Conductor’s coverage of the latest industry updates from the world of search. Get details about the March 2024 core and spam updates and more from Google.

Google rolls out their first major search updates of 2024

By Caroline Wilson

  • Google released the first core update of 2024 on March 5th, 2024.
  • Google released the first spam update of the year on March 5th. The spam update finished rolling out on March 20th.

What to know

After a quiet start to the year, Google made waves on March 5th by announcing its March 2024 core update and new spam policies . These updates are intended to enhance users' experience on Google search. Google stated, “The March 2024 core update is a more complex update than our usual core updates, involving changes to multiple core systems.

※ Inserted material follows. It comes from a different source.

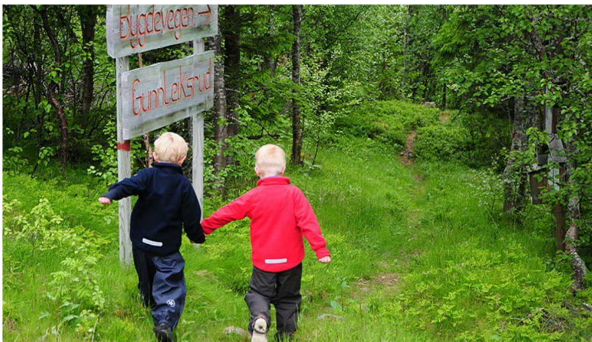
Skilting kan gjøre det lettere å legge ut på tur.

It also marks an evolution in how we identify the helpfulness of content”.

In addition to this being the first algorithm update of 2024, Google has stated this update is more complex than previous core updates due to changes being made to multiple core systems and evolving how the helpfulness of content is identified. The hope is that the quality of Search improves by showing less content that appears to have been created to attract clicks and increasing the visibility of content people find useful. Compared to previous updates, which are often predicted to take less than a month, Google shared this rollout may take up to a month to complete. Running alongside the Core update, the Google March 2024 spam update took 15 days to complete. This update, which finished rolling out on March 20th, introduced new spam policies. This update targeted AI-generated spam content, the misuse of expired domains to gain rank authority, & other forms of spam abuse, to prioritize high-quality user-first information.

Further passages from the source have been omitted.